During a study of Temsirolimus, (brand name Torisel) a drug most often used to treat renal (kidney) cancer, scientists in Austria discovered that the drug may also combat the growth of mesothelioma tumors as well, specifically pleural mesothelioma.
Mesothelioma is a specific type of cancer caused by inhalation or ingestion of asbestos fibers. The body’s natural response to these foreign invaders is to build up tissue around them so that they can be isolated. However, these masses of tissue can eventually turn cancerous and lethal. Due to the nature of the disease, symptoms of mesothelioma may not even arise for up to 50 years after initial asbestos exposure.
Malignant pleural mesothelioma is one of the most aggressive types of mesothelioma and occurs when asbestos fibers imbed themselves in the lining of the lungs.

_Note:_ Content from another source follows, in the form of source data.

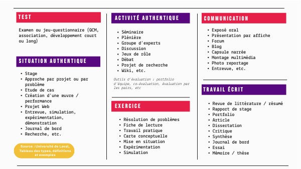 Source : Université de Laval, Tableau des types, définitions et exemples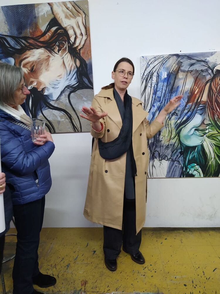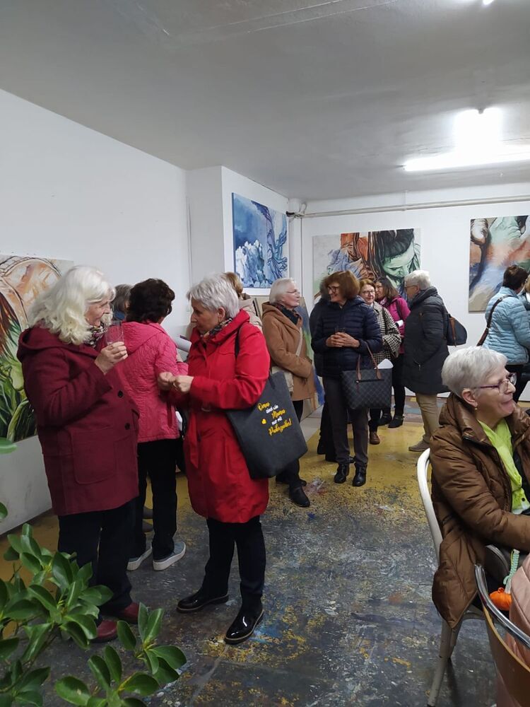 Anschließend besuchten wir das Atelier der Künstlerin. Dort erzählte uns Evelyn Kreinecker ihren persönlichen Zugang zum Malen und Zeichnen, und wir erhielten sehr interessante Einblicke in ihre vielseitigen Werke aus den verschiedenen Schaffensphasen.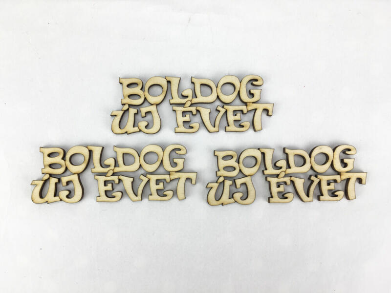 Natúr fa - "BOLDOG ÚJ ÉVET" felirat 9cm 3db/csomag - kosarbolt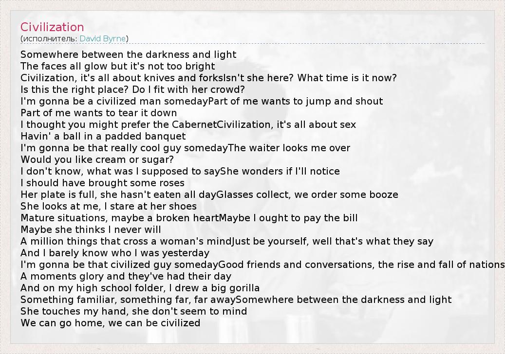 I'm gonna be a civilized man somedayPart of me wants to jump and shout
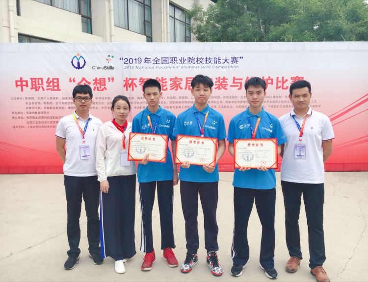 蔡伟、林玉如老师指导黄兆程、符冠华、汤煜彬获得2019年全国职业院校技能大赛智能家居安装与维护二等奖。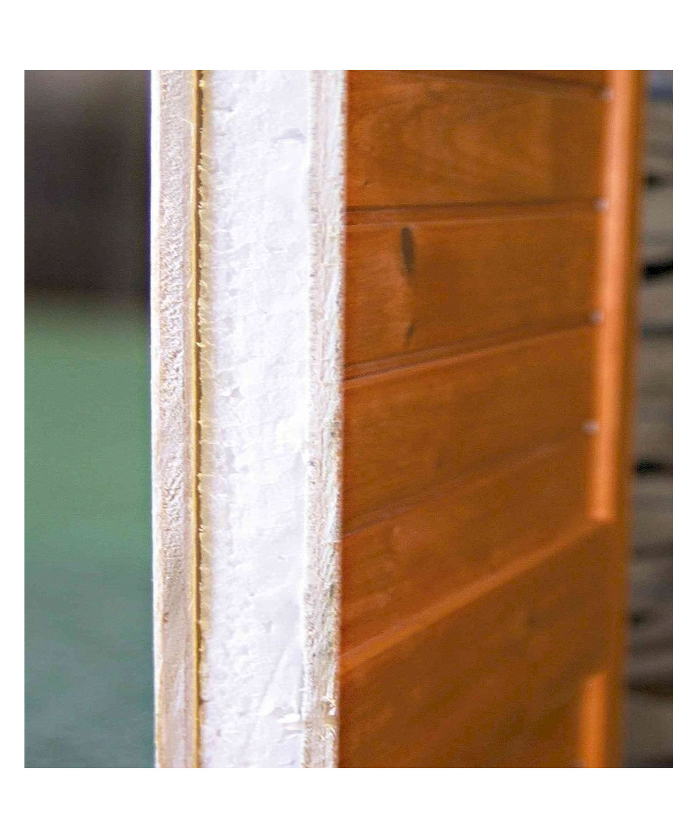 - parois extérieures, bac inférieur et toit avec isolation intérieure en mousse de polystyrène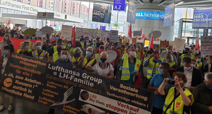 kategori: HaberlerAlmanya’nın Frankfurt kentinde bulunan Frankfurt havaalanında yüzlerce çalışan işten çıkarmalara karşı eylem gerçekleştirid. Havaalanında toplu sözleşme ve grev yapma hakkına sahip tek sendika olan Ver.di, 19 Haziran Cuma günü için tüm havaalanı çalışanlarına eylem çağrısı yapmıştı. Kızıl Bayrak’ın haberine göre çağrıya uyan, çeşitli bölümlerde çalışan yüzlerce işçi bugün saat 12.00’de terminalin içinde bir araya geldi.…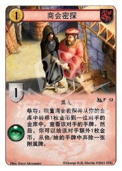 功能说明 争夺:横置商会密探并从你的金库中转移1枚金币到一位对手的金库中,查看该对手的手牌。然后,你可以给该对手额外1枚金币,从他/她的手牌中弃除一张附属牌。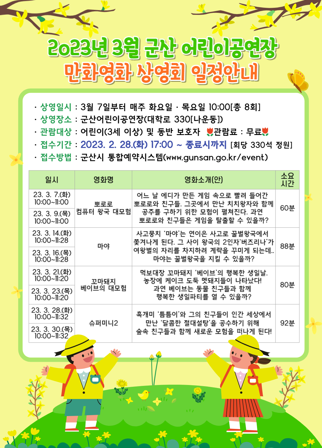 2023년 3월 어린이공연장 만화영화 상영 안내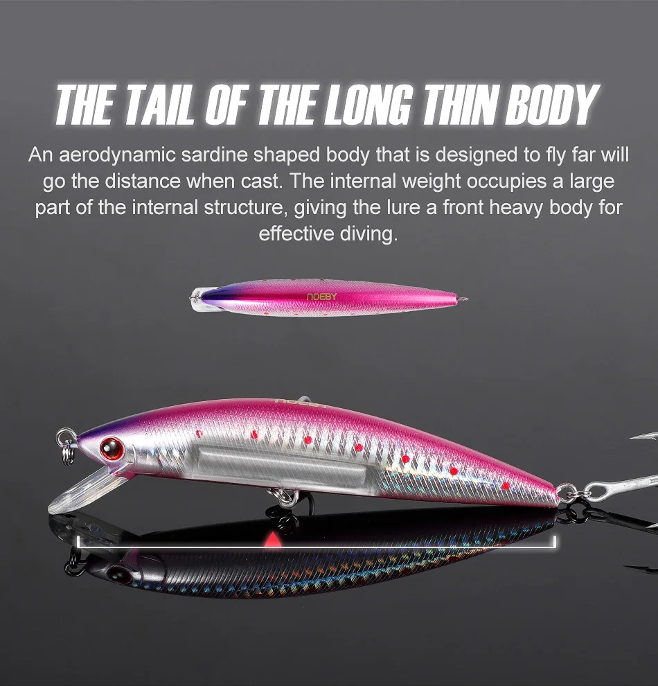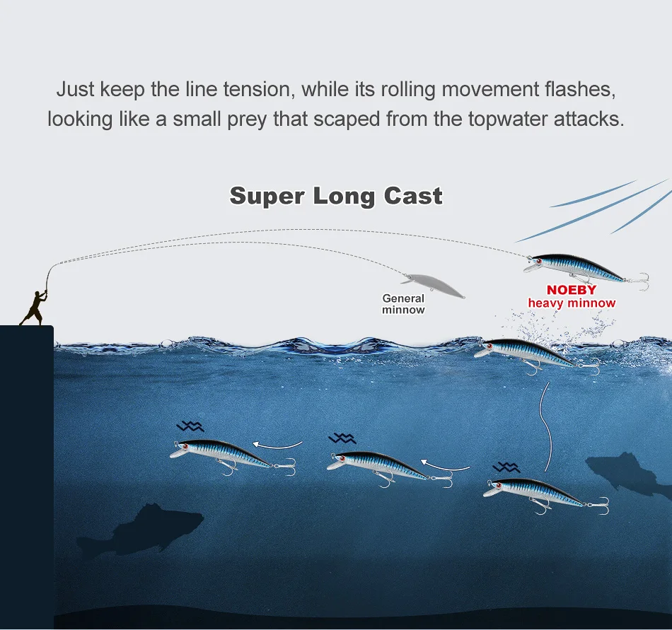 NOEBY-señuelo de pesca Artificial, cebo duro de fundición larga, 120mm, 44g, Minnow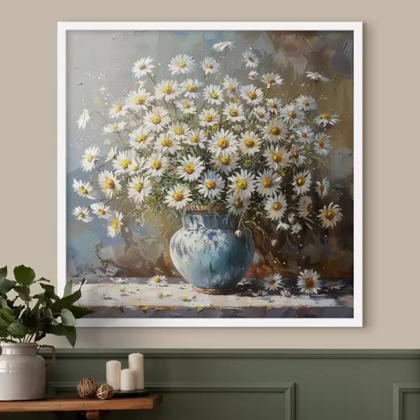 Poster Een vaas met madeliefjes op tafel Nr f38707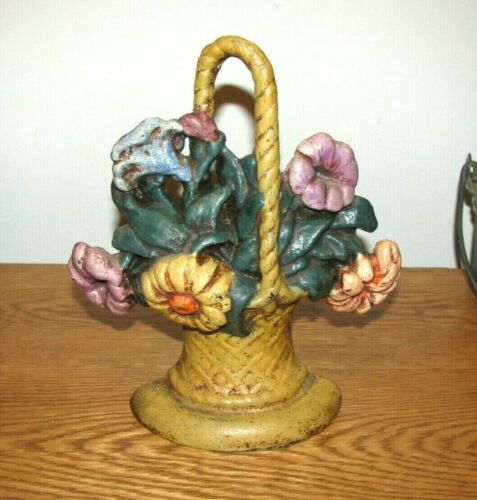 ANTIQUE CAST DOORSTOP BASKET of FLOWERS / Not Hubley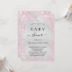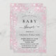 Un baby shower moderne et élégant, célébrant une petite fille. Arrière - plan métallique argent Faux décoré de poussière de parties scintillant rose faux. Personnalisez et ajoutez un nom et des détails du parti. Lettres de couleur noire.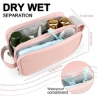 【 ROOMY CAPACITY 】- 10.63 x 4.73 x 6.89 inch. This toiletry travel bag is large enough for your 7-14 days travelling or daily use. The multi-functional toiletry organizer bag can hold all your make up tools, full-sized cosmetics, toiletries, or travel essentials. 【 HIGH QUALITY 】- Cosmetic bag is Made of water-resistant Synthetic leather, soft and durable. Each compartment of the makeup bag is filled with 3mm foam to provide great protection for the items in the bag.The design of the double zipper head provides convenience for accessing cosmetics. 【Keep Wet & Dry Separated】- The back compartment is a PVC pocket that is easy to clean and can keep the wet and dry items separated. It can hold towels, toothbrushes, toothpaste, mouthwash, etc. 【HUGE MAKEUP BRUSHES AREA】 - There are 10 slots on the front compartment to fit different sizes of brushes. One zipper bag, which can hold the long Eyeshadow Palette, and two mesh bags, which can hold the toner and Lotion. 【WARRANTY AND SUPPORT】- We ensure every customer gets a great buying experience with the store. If you find any product issues, please let us know as soon as possible and we will get back to you within 24 hours. WARRANTY: The toiletry bag shall replace the bag or accessories if it proves to be defective in terms. Warranty period: Six months from the date of purchase.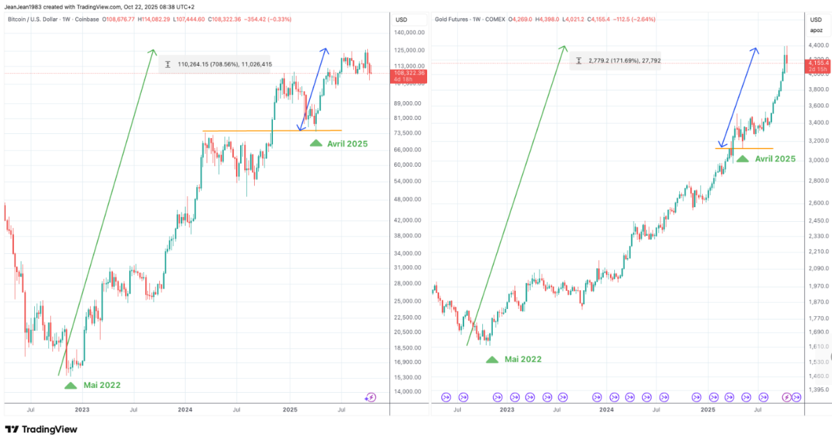 Depuis mai 2022, le Bitcoin et l’or évoluent d’ailleurs dans une tendance haussière symétrique, alimentée par la fragmentation géopolitique mondiale (Ukraine, Moyen-Orient, Chine–Taïwan).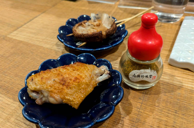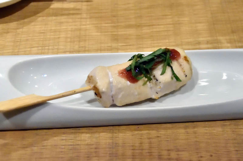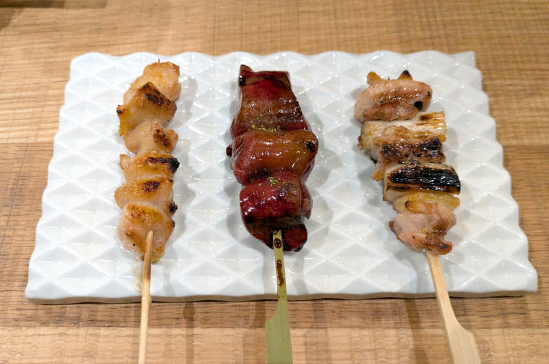 You can peruse the paper-based Japanese menu while you order from the online (partially English) menu, accessible from your phone. There's an illustrated chart explaining the various cuts of chicken that they serve, which is handy because several of the names are different from those used in Tokyo. For easier ordering there are also a few different prix-fixe options, which include both skewers and small side dishes.

Because the cancer is not often diagnosed until it is in the late stages of development, most pleural mesothelioma patients are given only a few months (often less than a year) to live.
While pleural mesothelioma is resistant to many types of treatment, there is some hope that research published in the May issue of the Journal of Thoracic Oncology concerning Temsirolimus may lead to a treatment or even a preventative measure that will work.
Temsirolimus belongs to a class of drugs called protein kinase inhibitors. These drugs work by inhibiting the protein rapamycin (mTOR) which plays a key role in modulating how quickly cells within the body grow.
The drug essentially slows, and in some cases even stops, the growth of cancerous tumors by depriving the cells within those tumors of a necessary building block. Even cells that were resistant to cisplatin, a more common chemotherapy drug, showed hypersensitivity to temsirolimus.
Professor Walter Berger, PhD, of the Institute of Cancer Research at the Medical University of Vienna coauthored the study and his team was able to "demonstrate that inhibition of the major oncogene mTOR is active against human mesothelioma especially after development of chemotherapy resistance both in vitro and in vivo."
This line of research mirrors much of the new types of treatments currently being developed to fight deadly mesothelioma. Since the disease has proven nearly immune to traditional treatments which attempt to destroy tumors after they grow, this new thinking suggests that it may be possible and more feasible to stop them from growing in the first place.
While the study was preclinical in nature, Berger suggests that the success the team had should lead to “clinical trials involving mTOR inhibitors as a novel anti-mesothelioma strategy."